A native of southern India, ajowan is also grown in Afghanistan, Pakistan, Iran and Egypt and is related to caraway and cumin, even though its taste is quite different. Referred to sometimes as "lovage", "ajwain" or "carom" in India. Use in recipes for savory dishes; goes especially well with fish. The seeds are also added to curries and breads.

Asafoetida

Native to southwestern Asia, i.e., Iran, Afghanistan, India and Pakistan, asafoetida (also spelled asafetida) is a dried resin-like substance obtained from the rhizomes of several species of ferula, or giant fennel. The entire plant emits a distinctive smell. In powder form, asafoetida has a strong, unpleasant smell, similar to pickled garlic, but is used in Indian and Arab cuisines to enhance the flavor of some dishes.

Fenugreek

Fenugreek has grown in the Mediterranean region and Western and Southern Asia from earliest times to the present. The name comes from the Latin -meaning "Greek hay." The seeds have a faint curry flavor and a bitter, peppery aftertaste. Fenugreek is used in Indian curries. Curries for lamb and beef absolutely require fenugreek for balance. In the Middle East, it is ground to a paste for vegetable dishes, and used in sweet, halvah.

Nigella

The culinary nigella plant is native to Western Asia, the Middle East and Southern Europe. It is grown primarily in India, where it is used extensively in the cuisine of all regions. It is used in many spice mixtures of the area. The nigella seeds are very small, black in color with a lightly aromatic, peppery flavor. It can be used as a pepper substitute. Add to buttered vegetables (cabbage or zucchini) to give them an exotic flavor and crunchy texture. Rub seeds into steak before grilling. Also used to season bread in the Middle East.

Sumac

Sumac is a non-poisonous red berry that gives a distinctive tangy lemon flavor to chicken, grilled meat, yogurt sauces and Middle Eastern bread salad. The berries were used by the Romans before lemons reached Europe.
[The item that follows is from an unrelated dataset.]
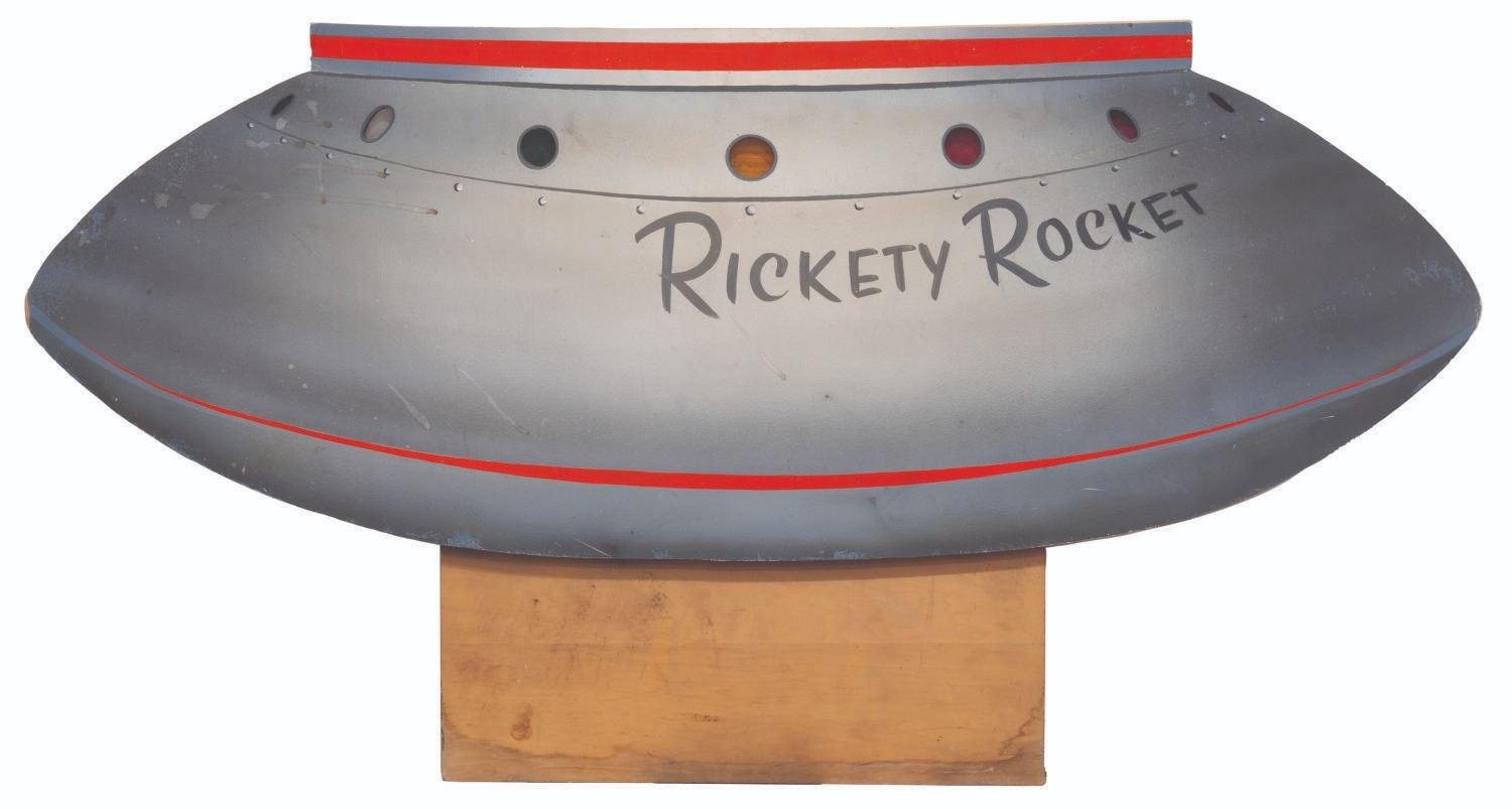 (Clampett, 1959) A wooden Rickety Rocket prop used in test footage for Bob Clampett’s unproduced series "Beeper and His Guided Muscle.” Measuring 14.5” x 39.75” and 0.5" thick and 21” x 39.75” x 0.75" with the wooden base, the ship displays in good condition with stains, scratches, scuffs, and wear. Due to size and weight, this item requires special shipping arrangements. Please inquire before bidding.

The Lebanese and Syrians sprinkle sumac on fish; the Iraqis and Turks add it to salads; and the Iranians and Georgians season kebabs with it.

Grains of Paradise

Grains of Paradise is indigenous to the coast of West Africa and is also known as Melagueta pepper and is related to cardamom. These tiny grains have a hot and peppery taste but have the aroma of cardamom. They were used in the past to spice wine and beer (Sam Adams now makes a wheat ale with Grains of Paradise). Today, Grains of Paradise appear almost exclusively in West African cooking. They are one of the components of raz-el-hanout and are also excellent in mulled wine, with potatoes and eggplants, and in braised lamb recipes.